Directions: Print the data verbatim. Leave every image out.

Exercise data:
▼

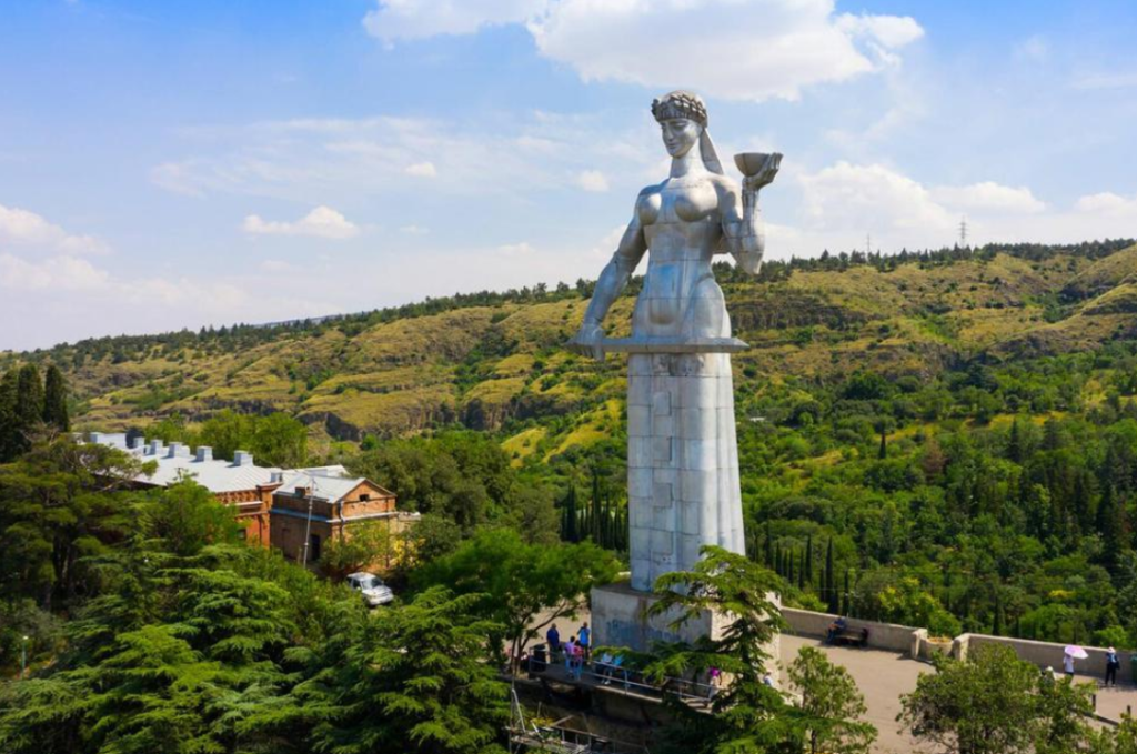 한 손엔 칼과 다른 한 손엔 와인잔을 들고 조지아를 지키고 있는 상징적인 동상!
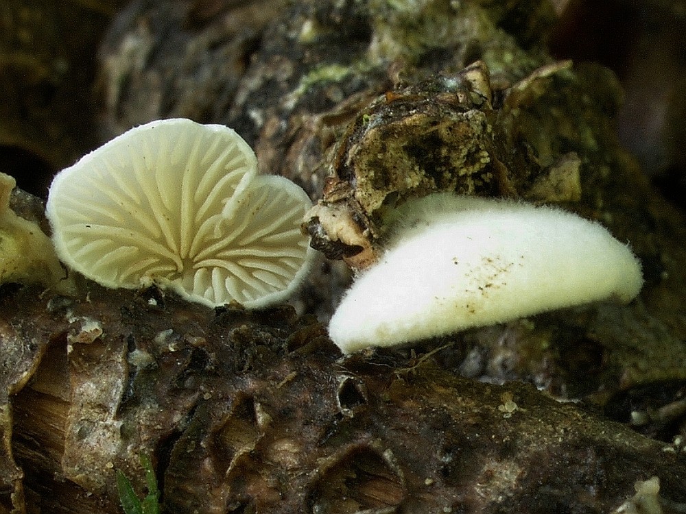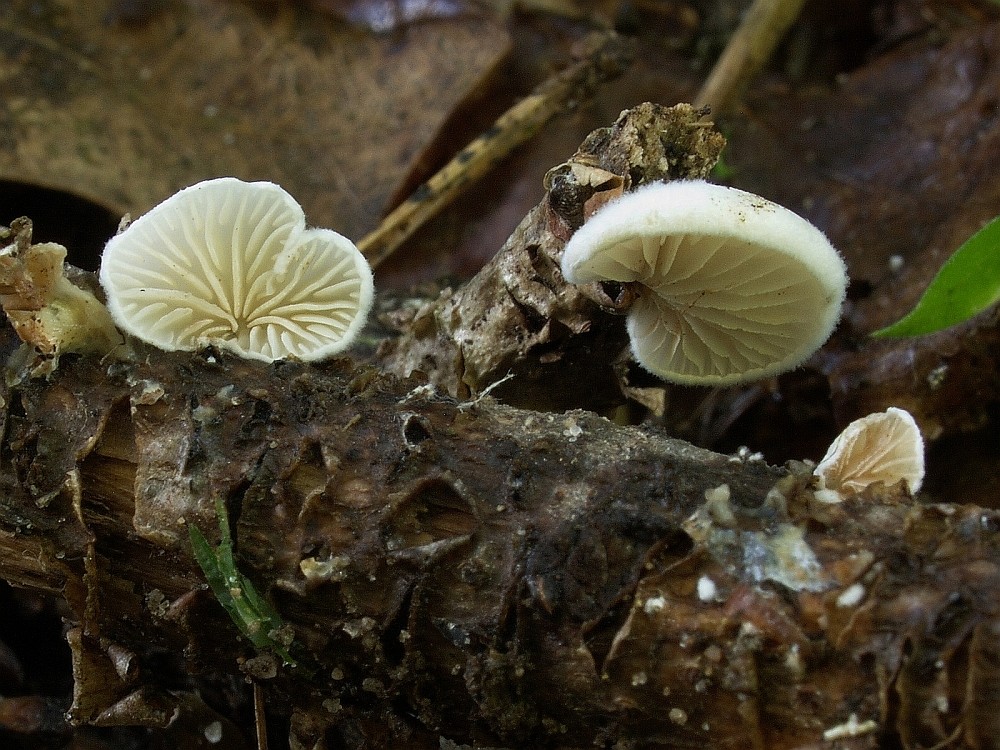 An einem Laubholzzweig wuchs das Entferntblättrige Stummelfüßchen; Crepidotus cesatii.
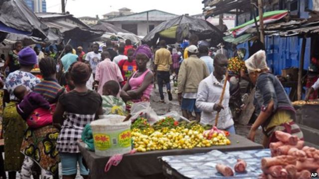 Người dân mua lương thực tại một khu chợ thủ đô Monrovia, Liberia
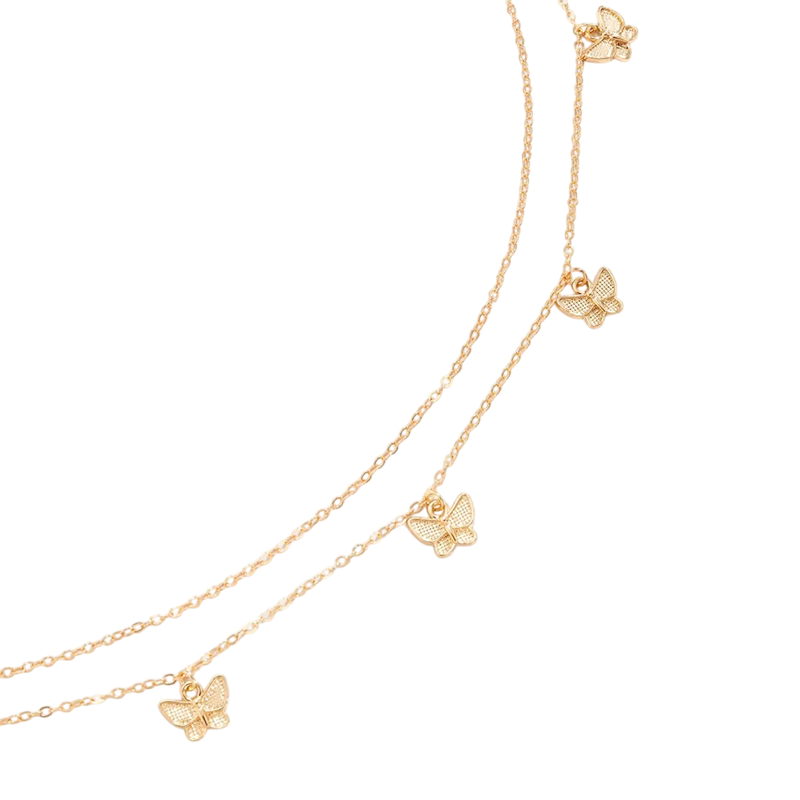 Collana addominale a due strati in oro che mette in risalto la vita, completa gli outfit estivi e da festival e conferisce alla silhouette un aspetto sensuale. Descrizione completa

▲

Task result:
 한 손엔 칼과 다른 한 손엔 와인잔을 들고 조지아를 지키고 있는 상징적인 동상!
 An einem Laubholzzweig wuchs das Entferntblättrige Stummelfüßchen; Crepidotus cesatii.
 Người dân mua lương thực tại một khu chợ thủ đô Monrovia, Liberia
 Collana addominale a due strati in oro che mette in risalto la vita, completa gli outfit estivi e da festival e conferisce alla silhouette un aspetto sensuale. Descrizione completa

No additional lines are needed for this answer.